In this work, we propose Asynchronous Advantage Actor Centralized-Critic with Communication (A3C3), a deep multi-agent reinforcement learning algorithm based on actor-critic methods. A3C3 agents train an actor, i.e., the policy, by following a gradient estimated by a centralized critic, while also training an additional communication network, which follows a gradient given by the actors of their own team-mates. A3C3 is based on three core ideas.
Firstly, it is based on Asynchronous Advantage Actor-Critic (A3C) [16], a deep learning single-agent actor-critic method. A3C use advantages to train its actors, representing how better an action’s actual returns were when compared with the value expectation given by the critic. A larger advantage implies the action had a better outcome than expected, and it should be taken more often. A3C can also be horizontally scaled through multiple workers, requiring no specialized hardware.
Secondly, A3C3 uses a centralized critic. The critic, only used during learning, incorporates all agents’ observations and any additional information provided by the environment. During execution, agents do not require a critic, and can act based solely on their local observations. The centralized critic speeds up and stabilizes the learning process. Its function is to estimate the expected reward for a given state when agents follow their current policies. It is simpler than approaches which output value estimations for all actions in a given state, and, by extension, is trained faster.
Thirdly, A3C3 uses a communication network. This network, like the actor, takes as input only local information available to each agent (such as local observations or incoming messages sent by other agents). It outputs messages, modeled as vectors of continuous values, which are sent to other agents following environment restraints (limitations, noise, among others). The protocol learned by each population is unique, and stimulates coordination among agents, by improving the policies of an agent’s team-mates.

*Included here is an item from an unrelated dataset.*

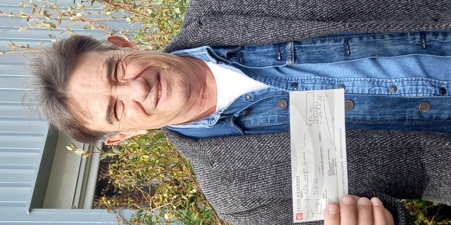 Comme promis, nous lui avons remis un chèque d'une valeur de 80 euros : l’équivalent de ce qu'il a économisé durant sa 1ere semaine d’arrêt du tabac. Bon courage Jacky !

The remainder of this paper is structured as follows. Section 2 lists related work, from actor-critic based algorithm with centralized critics, to reinforcement learning algorithms that simultaneously learn communication protocols and action policies. Section 3 states our problem, and Section 4 introduces and formally describes A3C3, as well as its architecture, modules, limitations, and methodology. Section 5 shows the results of our proposal obtained in complex environments, on two multi-agent environment suites, used by other state-of-the-art algorithms. Finally, Section 6 draws conclusions and lists future work directions.
Section snippets
Related work
Multi-Agent Reinforcement Learning (MARL) is the discipline that focuses on models where agents dynamically learn policies through interaction with the environment. An agent’s goal is to maximize its local reward, a numerical-representation of a long-term objective [17]. In a MAS, multiple agents behaves as learners, selecting and performing actions on the environment, which then reaches a new state. Agents sample observations from the environment’s current state, and obtain a reward associated
Problem statement
We focus on multi-agent cooperative environments with J agents, in which each agent j has local partial observations of the environment at each discrete time-step t. An observation is a (usually incomplete) representation of the environment’s state st, and can be noisy, discrete or continuous. Orthogonally, observations may also be local or global. Global observations represent the state without any agent specific information or perspective (e.g., a bird’s eye view over a soccer field),
Asynchronous Advantage Actor Centralized-Critic with communication
Single-agent distributed algorithms like Asynchronous Advantage Actor-Critic (A3C) [40] run multiple parallel workers in multi-core CPU and have been shown to outperform single-threaded GPU-based algorithms. They keep global networks which are updated by multiple workers asynchronously, as shown in Fig. 3. Because they are based on Actor-Critic, they keep an actor network, outputting the probability π(at|ot; θa) of taking action at at time-step t, based on the current observation ot and the
Results
The A3C3 algorithm is tested in the POC and MPE environment suites. A3C3 is compared against state-of-the-art single-agent algorithms, A3C, DDPG, and PPO. It is then compared against multi-agent MADDPG, and the effects of its centralized critic and communication networks are independently tested. After this, the effects of noise in the communication medium are tested against baselines with no noise or no communication. Finally, multiple advantage estimation formulae are evaluated. Some of the
Conclusion
This article describes a multi-agent deep reinforcement learning algorithm, which we call Asynchronous Advantage Actor Centralized-Critic with Communication (A3C3), where distributed worker threads use Actor-Critic methods to asynchronously optimize value, policy and communication networks for agents. The algorithm features a centralized learning phase, distributed execution, and inter-agent communication. A3C3 supports partially observable domains, noisy communications, heterogeneous reward
CRediT authorship contribution statement
David Simões: Conceptualization, Methodology, Software, Writing - original draft, Validation, Investigation. Nuno Lau: Supervision, Writing - review & editing. Luís Paulo Reis: Supervision, Writing - review & editing.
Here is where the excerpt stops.